Friday, July 27, 2012

Thought for Next Month


"I wish that I can have a life that is lived in the middle ground where contentment and love are found in the smallest details of people's lives".

This is what I learned today after finishing Nicholas Sparks's latest book "The Best of Me". This line was uttered by one of the characters.

These include spending time with your friends every week and laughing, eating a delicious dessert, trying out new cuisines, doing good on the first six months on your job evaluation, reading a good book on a rainy night while getting cozy on the couch, being entertained by a movie, home cooked lunch on Sundays with your healthy parents and siblings, walking the dogs, calling a pal from a different city to catch up, playing with your friends' kids amongst others.

As I will be turning a year older in two weeks. Yes, I am on my way of closing my late twenties, I've come to realize that, this is one of my birthday wishes this year.

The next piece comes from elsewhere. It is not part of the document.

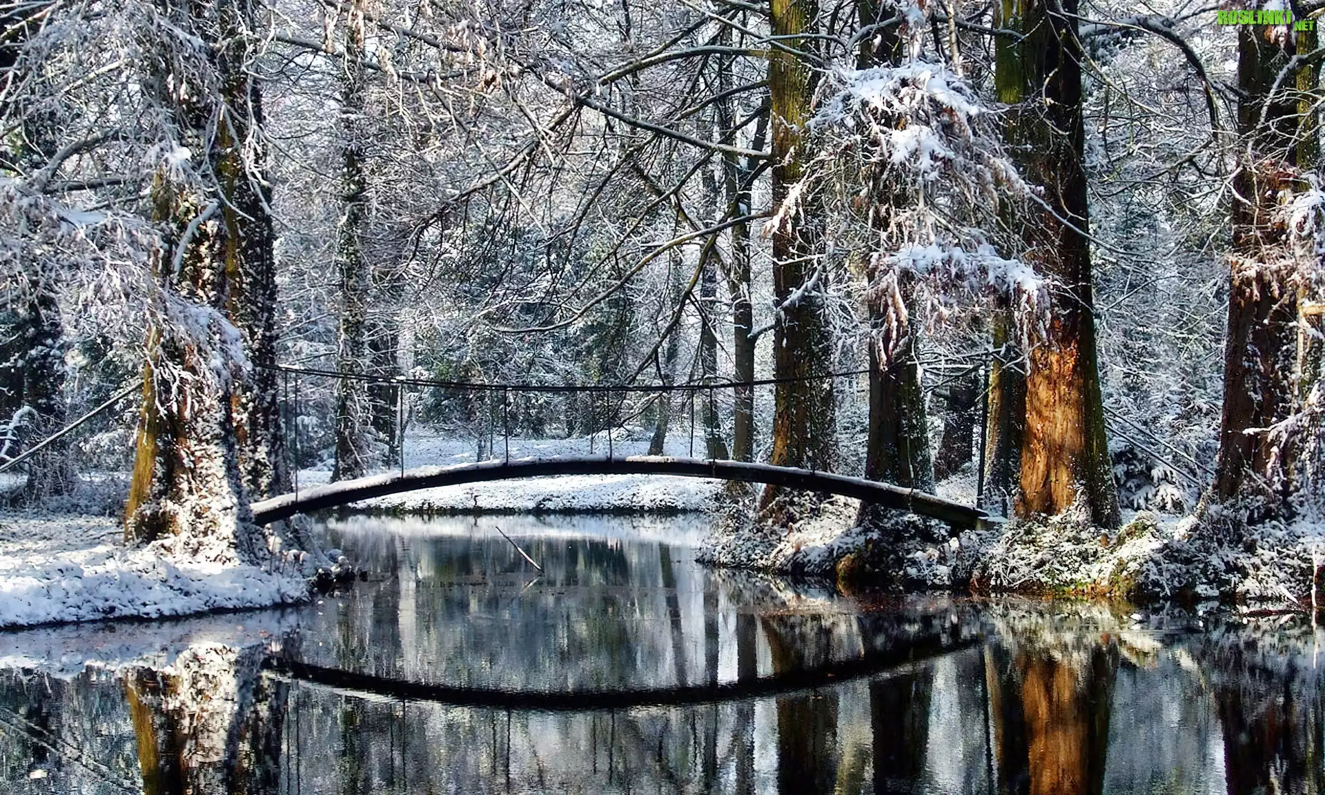 Rośliny: Zima, Las, Rzeczka, Mostek

Photo Credits: thingsweforget.blogspot.com

Sunday, July 22, 2012

The Science of Sleep


Ever since I stopped working and started my sabbatical from the world of employment and wages I have been having tiny problems regarding sleep. Don't get me wrong I love sleep. But these are not life threatening medical problems.

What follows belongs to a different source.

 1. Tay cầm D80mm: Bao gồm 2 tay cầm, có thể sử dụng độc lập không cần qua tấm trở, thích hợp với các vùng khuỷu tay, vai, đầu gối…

Last month I've had dreams that are David Lynch-esque and it was both surreal and a bit upsetting. However I don't remember the bulk of those dreams but I swear it was like being stuck in Lynch's subconscious. And no matter how hard I try to remember them I usually just manage to picture one scene from such dreams when I wake up. It was like being in a black and white bleak world from the film "Eraserhead". Sometimes friends from high school, college, medical school and from the hospitals I've had worked know each other and mingle.

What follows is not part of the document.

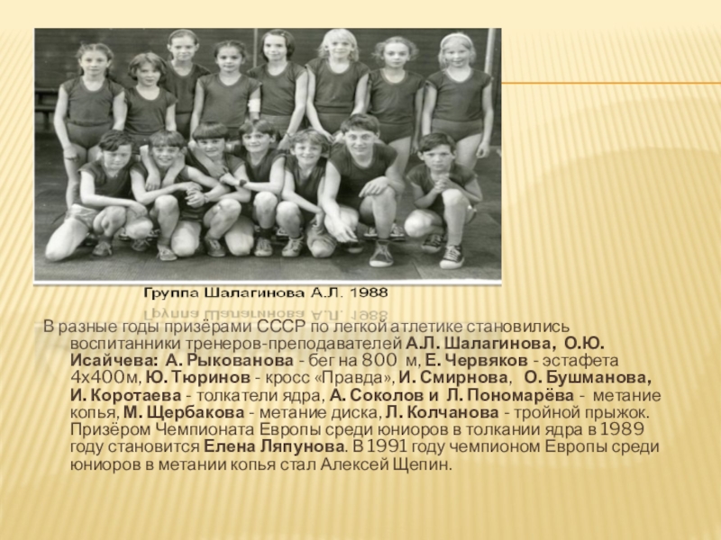Слайд 6В разные годы призёрами СССР по легкой атлетике становились воспитанники тренеров-преподавателей

And the only one I can remember was the last dream I had two days ago. It was not as puzzling as "Mulholland Drive" but it was inexplicably odd. The theme was consistent like the rest of those dreams. It was set in medical school and it was Bioethics class and we were doing some kind of presentation about some medical issue I forgot. Yes, this is the class where we tackle euthanasia, abortion, patient confidentiality etc. Basically all those from the characters in "Grey's Anatomy" casually breach. The format was a talk show and I was the talk show host. It was set in an amphitheater (where we do these classes way back) and everybody from the school was there. The bizarre thing was though there were about a million pieces surrounding me I could not recognize any classmates nor schoolmates. However my professor was there. Then we were about to start. She then asked me if I was ready to start. And I said I was. Then suddenly, after I told her I was ready I had a mental block out right then and there. I could not remember for the love of God everything I was about to talk in front of the crowd. Nothing. I got nervous. John, one of my co-interns from post graduate internship who graduated from a different school, appeared and wished me luck. He then asked me why I missed his wedding(which happened a week ago) and then I woke up.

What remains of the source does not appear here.